Source is /drivers/char/random.c or http://www.google.com/codesearch#KMCRKdMbI4g/drivers/char/random.c&q=urandom%20linux&type=cs&l=116
or http://lxr.linux.no/linux+v3.3.3/drivers/char/random.c
// data copying loop
while (nbytes) {
extract_buf(r, tmp);
memcpy(buf, tmp, i);
nbytes -= i;
buf += i;
ret += i;
}
static void extract_buf(struct entropy_store *r, __u8 *out)
{
int i;
__u32 hash[5], workspace[SHA_WORKSPACE_WORDS];
__u8 extract[64];
/* Generate a hash across the pool, 16 words (512 bits) at a time */
sha_init(hash);
for (i = 0; i < r->poolinfo->poolwords; i += 16)
sha_transform(hash, (__u8 *)(r->pool + i), workspace);
/*
* We mix the hash back into the pool to prevent backtracking
* attacks (where the attacker knows the state of the pool
* plus the current outputs, and attempts to find previous
* ouputs), unless the hash function can be inverted. By
* mixing at least a SHA1 worth of hash data back, we make
* brute-forcing the feedback as hard as brute-forcing the
* hash.
*/
mix_pool_bytes_extract(r, hash, sizeof(hash), extract);
/*
* To avoid duplicates, we atomically extract a portion of the
* pool while mixing, and hash one final time.
*/
sha_transform(hash, extract, workspace);
memset(extract, 0, sizeof(extract));
memset(workspace, 0, sizeof(workspace));
/*
* In case the hash function has some recognizable output
* pattern, we fold it in half. Thus, we always feed back
* twice as much data as we output.
*/
hash[0] ^= hash[3];
hash[1] ^= hash[4];
hash[2] ^= rol32(hash[2], 16);
memcpy(out, hash, EXTRACT_SIZE);
memset(hash, 0, sizeof(hash));
}
There is a backtrack prevention mechanism, but what about "forward-track"?
E.g.: I did a single read syscall for 500 MB from urandom, and having all data up to 200-th MB known and no additional entropy in the pool, can I predict what 201-th megabyte will be?
In principle, yes you can predict. When there is no entropy available dev/urandom becomes a PRNG and its output can in principle be predicted once its internal state is known. In practice it is not that simple, because the internal state is reasonably large and the hash function prevents us working backwards from the output. It can be determined by trial and error, but that is likely to take a long time.
The definition of "cryptographically strong pseudo-random number generator" is that it is computationally infeasible to distinguish its output from that of a true random number generator. If you could predict future output from past output, you could so distinguish; ergo, you cannot do so unless the Linux urandom algorithm is weak.
That code does not look like any standard pseudo-random generator to me -- the Linux folks have an unfortunate habit of "rolling their own" -- but breaking it would probably be a publishable result anyway.
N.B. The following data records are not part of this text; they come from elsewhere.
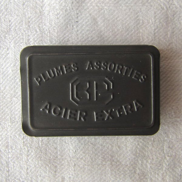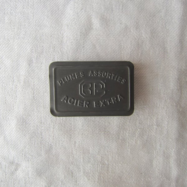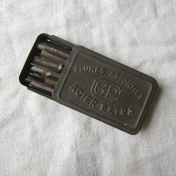 フランスアンティーク ペン先20本 ティン缶 スライド式Blanzy-Poure
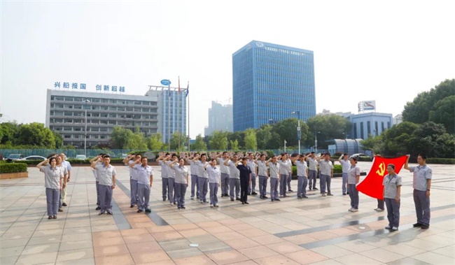 7月1日上午,船機(jī)廣場上驕陽映照著黨旗,中國船舶武漢船機(jī)36名新黨員胸口的黨徽熠熠生輝。在中國共產(chǎn)黨99歲生日的這一天,他們在黨旗下第一次莊嚴(yán)宣誓,說出一名共產(chǎn)黨員一生中最重要的承諾。
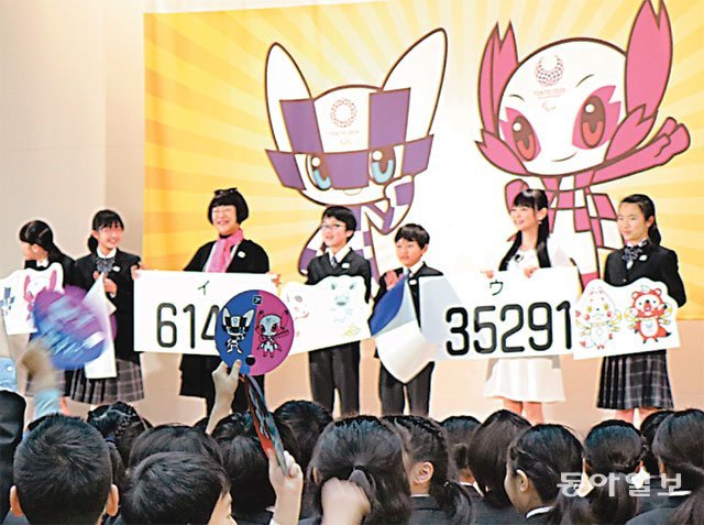 28일 도쿄 시나가와(品川)구의 초등학교 호요노모리(豊葉の森) 학원 강당. 무대 위 세 후보작에 던져진 표수가 공개되자 전교생 560여 명 사이에서 환성이 터졌다. 2년 뒤 열리는 2020년 도쿄 올림픽 공식 마스코트는 일본 초등학생들의 투표로 결정됐다. 지난해 8월 공모에 참여한 2042개의 디자인 중 전문가들이 최종 후보 3개를 압축했고 약 3개월간 전국 20만5755개 학급의 초등학생이 이 중 하나에 표를 던졌다.
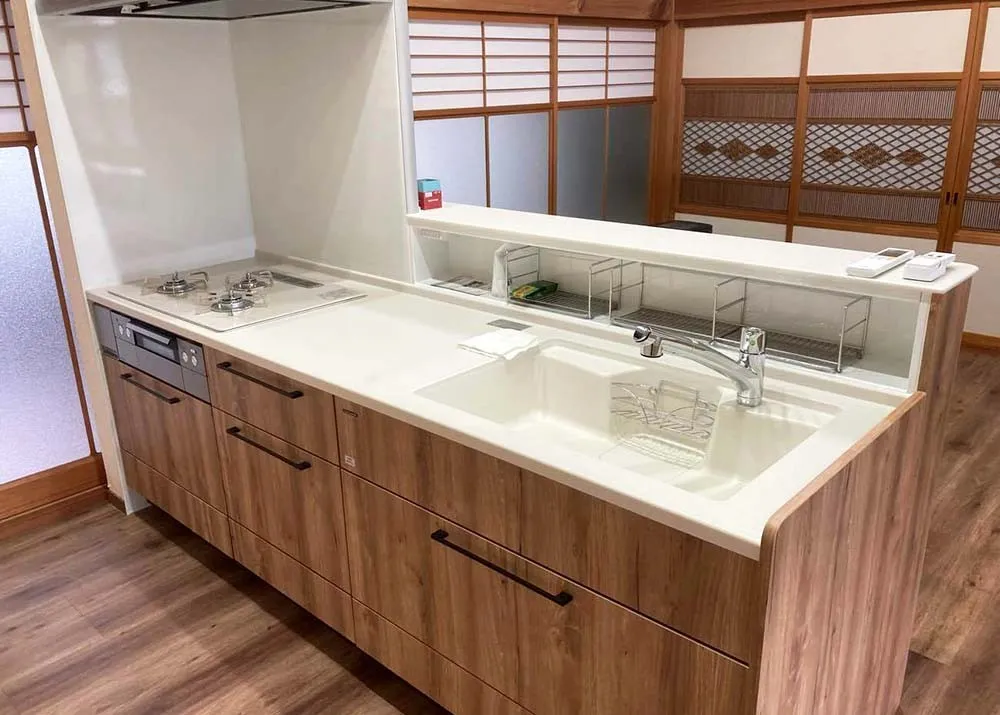 | 使用商品 | キッチン:リフィット(タカラスタンダード) 風呂:プレデンシア(タカラスタンダード) トイレ:アラウーノS(Panasonic)、ネオレストAS(TOTO) 洗面台:Vシリーズ(TOTO) 窓:サーモスⅡ(LIXIL) 内窓:インプラス(LIXIL) |
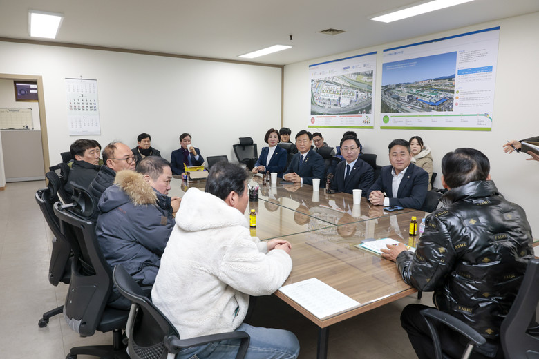 [구리시 세계타임즈=송민수 기자] 구리시의회(의장 신동화)는 2월 3일 11시 구리농수산물도매시장 중도매법인연합회 사무실에서 구리농수산물시장 중도매법인조합연합회(연합회장 정병찬)와 간담회를 개최하였다. 이날 간담회에는 신동화 의장, 김성태 부의장, 정은철 운영위원장, 권봉수 의원, 양경애 의원과 중도매조합 회원 등 15여 명이 참석했다.
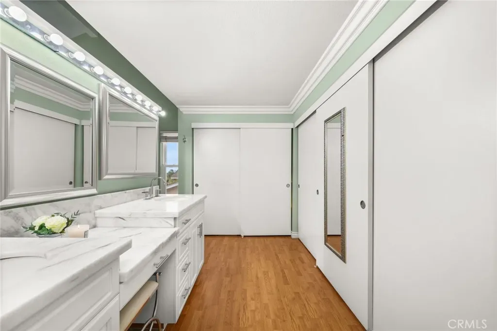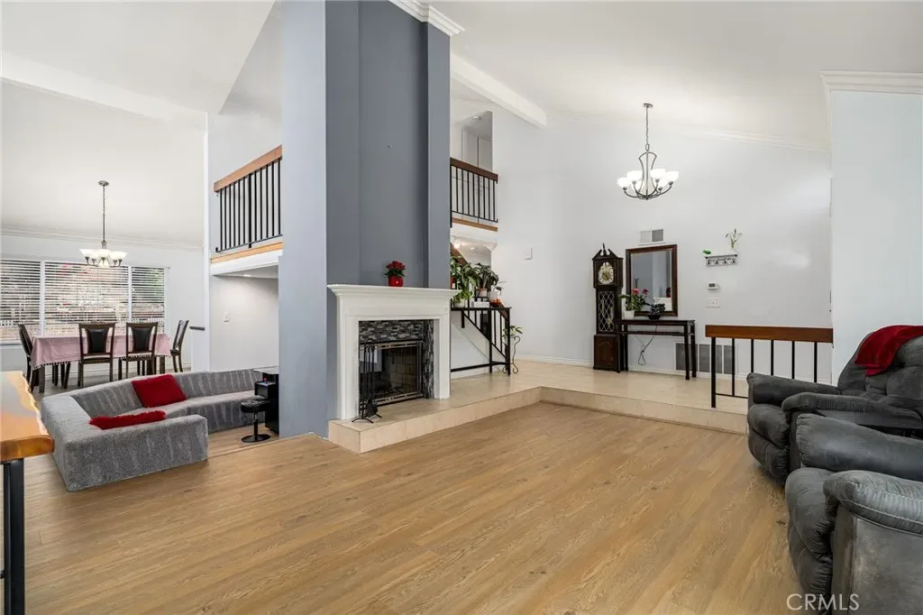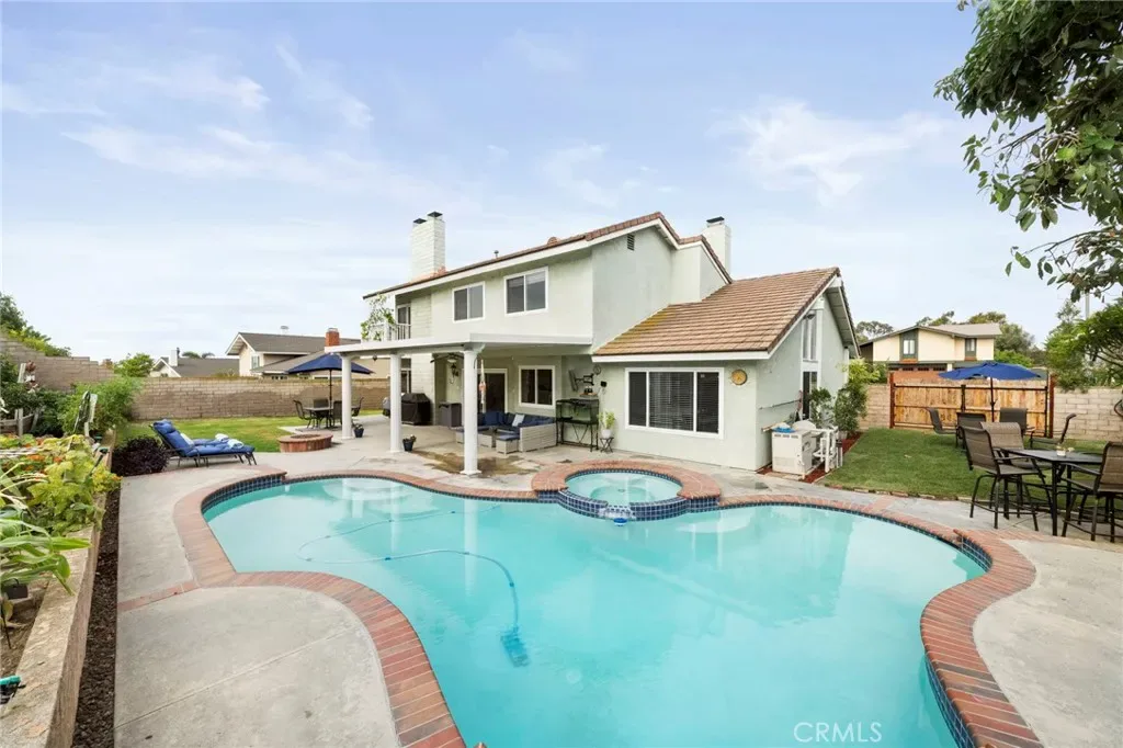 Welcome to this beautifully designed pool home in the highly sought-after La Mirada community, where comfort, functionality, and timeless charm come together. This spacious 4 bedroom, 3 bathroom residence is thoughtfully designed to accommodate both growing and multi-generational families. The flexible floor plan includes a convenient downstairs bedroom and full bath ideal for guests or extended family. Enjoy multiple living spaces, including a formal living room and a warm inviting family room perfect for everything from quiet evenings to lively gatherings. A striking double sided fireplace creates a cozy ambiance enjoyed from both the living room and the sunken conversation pit, an ideal setting for game nights or entertaining. At the heart of the home the chef’s kitchen shines with a 6-burner stove, double ovens, and generous counter space making it perfect for everyday meals and hosting with ease. Three fireplaces throughout the home add character and warmth, while the expansive primary suite offers a peaceful retreat complete with city views and a private balcony, perfect for morning coffee or evening relaxation. Step outside to your own private backyard oasis featuring a sparkling pool, spa, fire pit and a spacious yard with edible landscaping, including avocados, tomatoes, cucumbers, corn, limes, and more. Whether relaxing poolside or entertaining friends and family, this outdoor space is both vibrant and versatile. A large side yard offers additional flexibility ideal for extra storage, gardening, or creating a customized outdoor space to suit your lifestyle. Additional highlights include a generous 3 car garage with a built-in storage lift for convenient access to storage and seasonal items. Ideally located within walking distance to La Mirada Golf Course, parks, and top-rated schools and offering access to community amenities such as a pool and tennis courts, this exceptional home blends everyday convenience with a true sense of lifestyle. Ready for its next chapter, this home invites you to create lasting memories. *Some photos are enhanced or virtually staged*
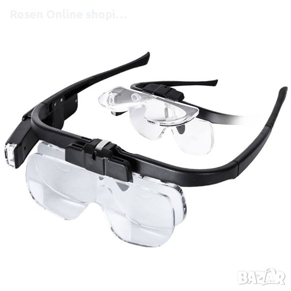 Професионална часовникарска увеличителна лупа за глава тип очила силно LED осветление лампа с различни видове увеличения 1.5Х, 2.0X, 2.5X, 3.5Х, 4.0X, 4.5X за ремонт на часовници, любители, козметик, зъболекар, запояване, четене, шиене на гоблени, бродиране, бродерия, рисуване, проверка на камъни, злато, монети, гледане на лаптоп, монитор, компютър, мобилни смарт телефони, часовникарса за работа, електроника, платки, проверка на лична карта и банкноти, марки, насекоми, електроника, диаманти, документи, маникюр, свободни ръце и др. 11642DC
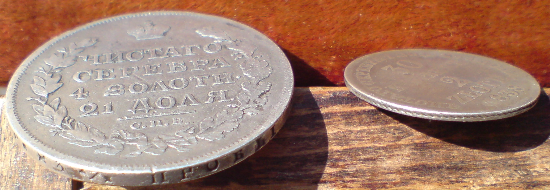 и Последний пост 1842г и гурт рядом с монетой рубль 1831г
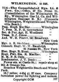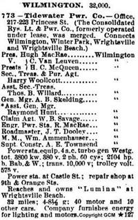 In 1902 Hugh MacRae of Wilmington formed Consolidated Railways, Light and Power Company, and purchased the city's street railways, light, and power facilities. He had already established a company to generate electricity near Rockingham on the Pee Dee River. In 1907 MacRae strengthened his holdings by forming Tide Water Power Company, retaining ownership of the streetcar system.
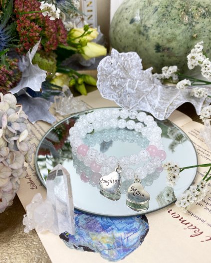 Náramky přátelství z minerálů pukaný křišťál, angelit a jemné přívěšky
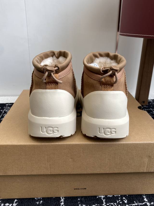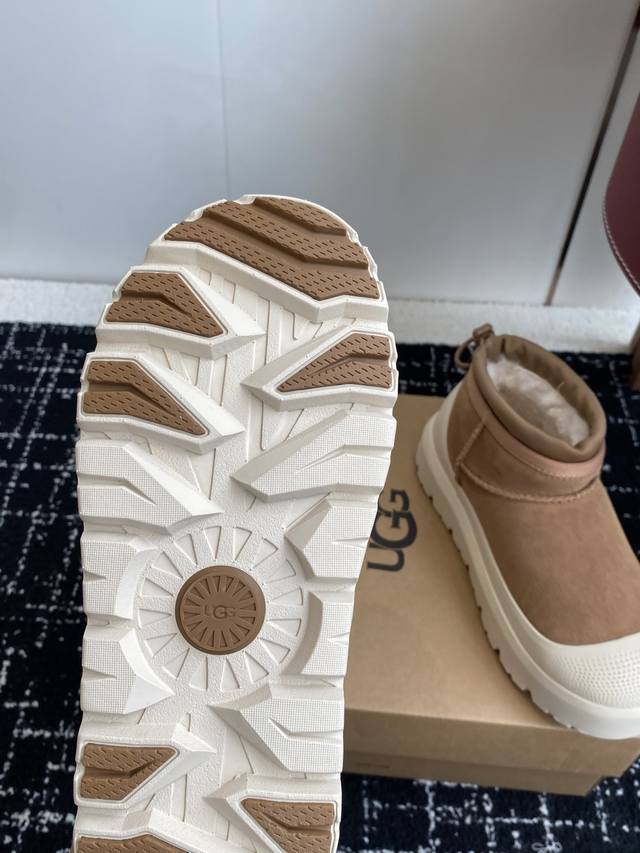 . Paired with the new Ugg Keen furry color-blocked jacket, the bright orange and maroon collide to create a new light outdoor style, opening up a new early autumn travel experience.
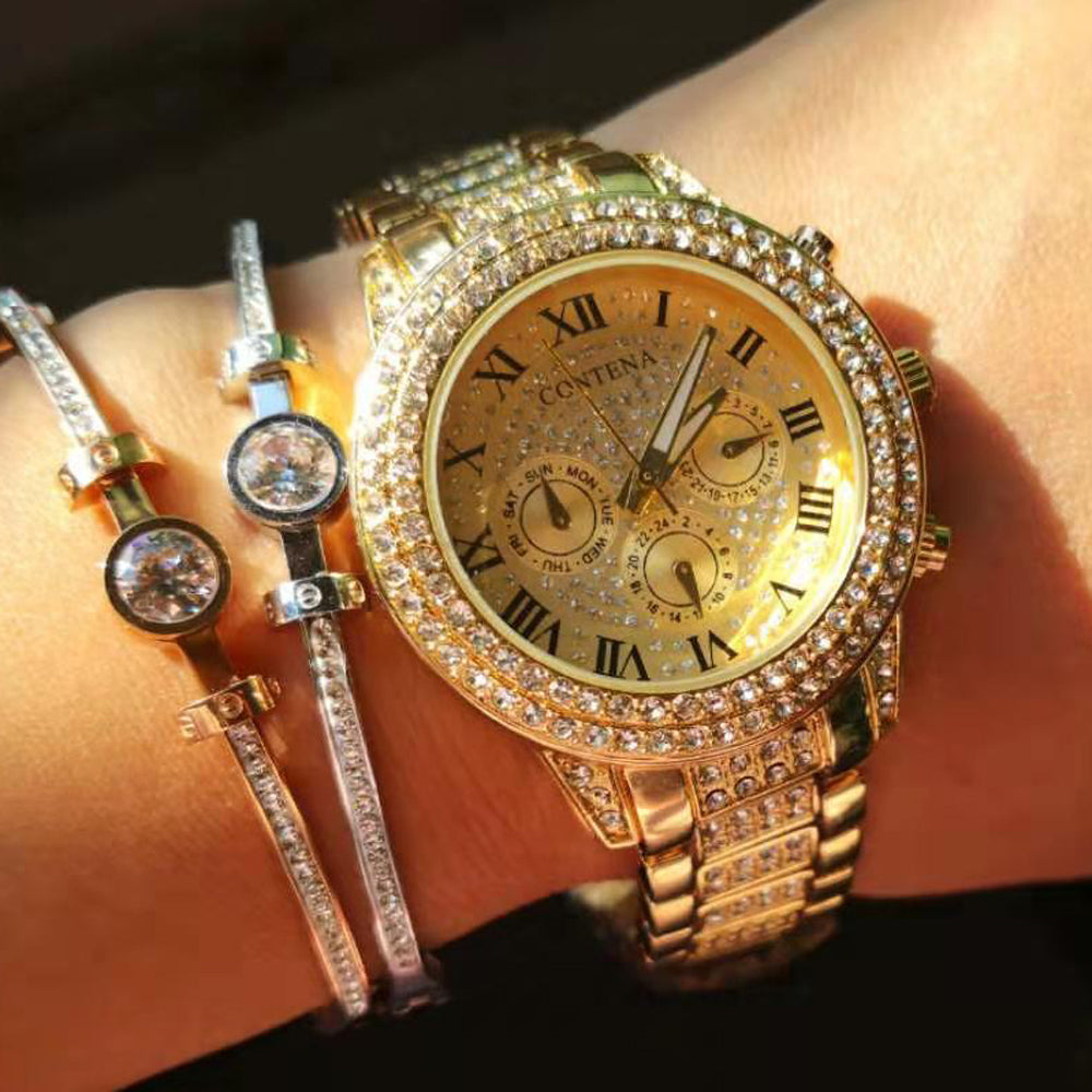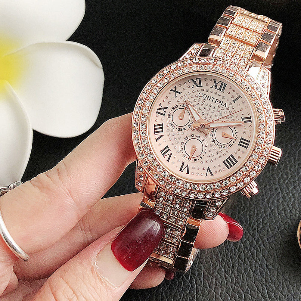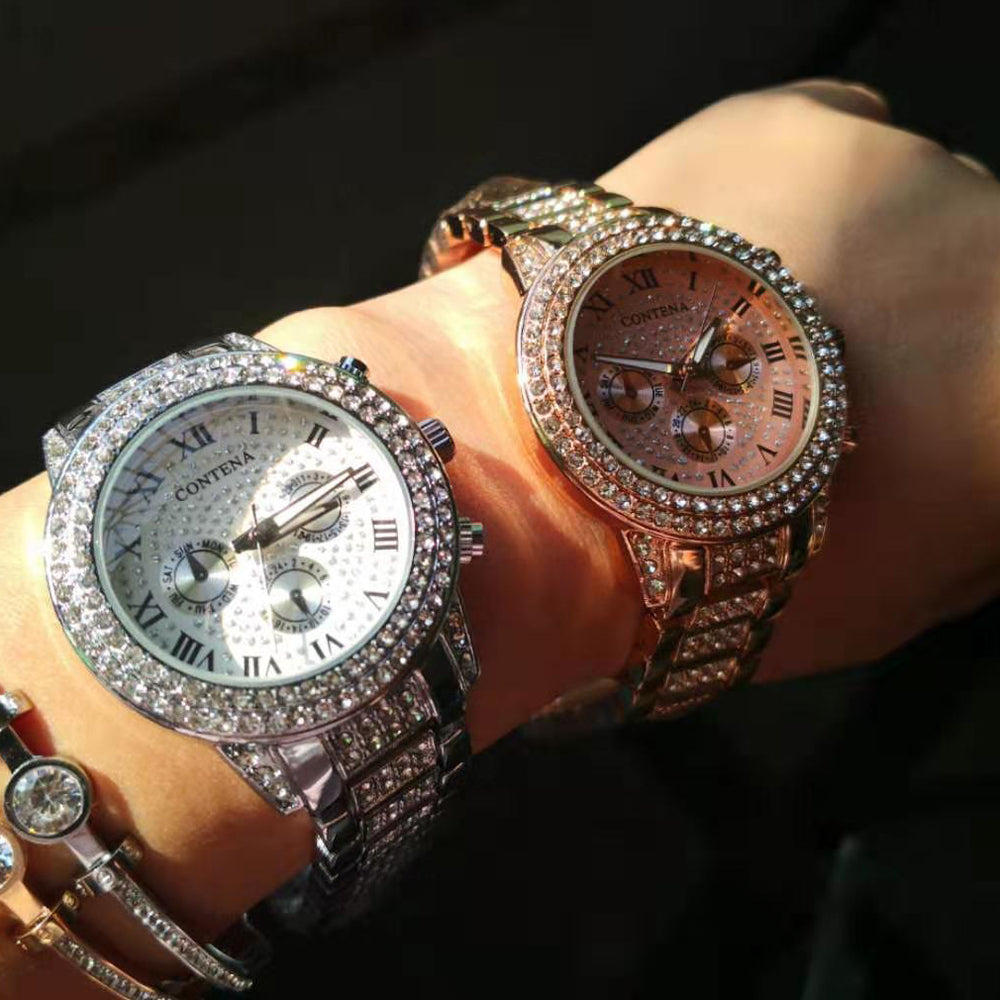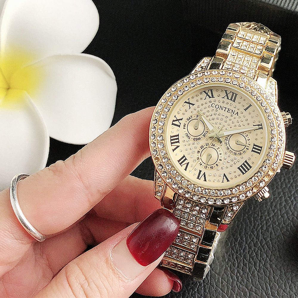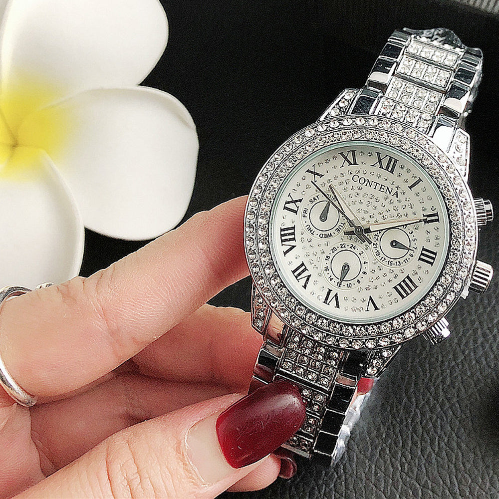 Women's Casual Fashion Folding Clasp with Safety Crystal Diamond Watches
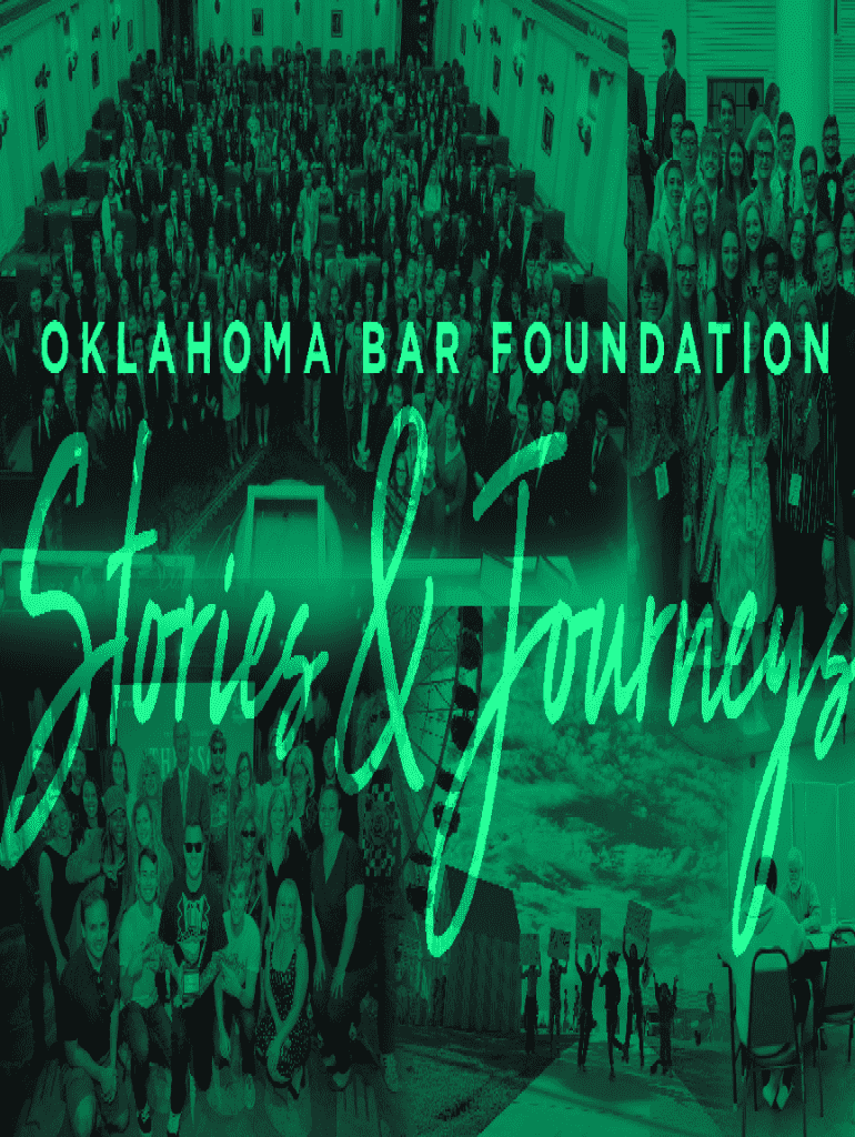Stories. And journeys. Thats what drives the Oklahoma Bar Foundation. In the bright forefront are stories of lives saved and transformed by the support of the Foundation. In the dark backdrop are

So if it is breakable, I suspect it is not easy.
Certainly the intent of the design is for "no" to be the answer to your question.
[edit]
Of course, in an information-theoretic sense, the answer is "yes" because you cannot get infinite entropy out of finite entropy. But in an information-theoretic sense, there is no secure cipher other than a one-time pad. I am assuming you are asking about the practical/cryptographic sense.
[edit 2]
A little searching turns up this paper, which claims to demonstrate an attack against the "forward security" in Linux's /dev/urandom. (That is, given the state of the generator, try to reconstruct earlier states.)
This is why programmers should never try to invent their own cryptography. No matter how clever you think you are, some Israeli academics who do this stuff for a living can make you look stupid.
That said, I do not see any attacks against the output of the generator, which is what you are asking about.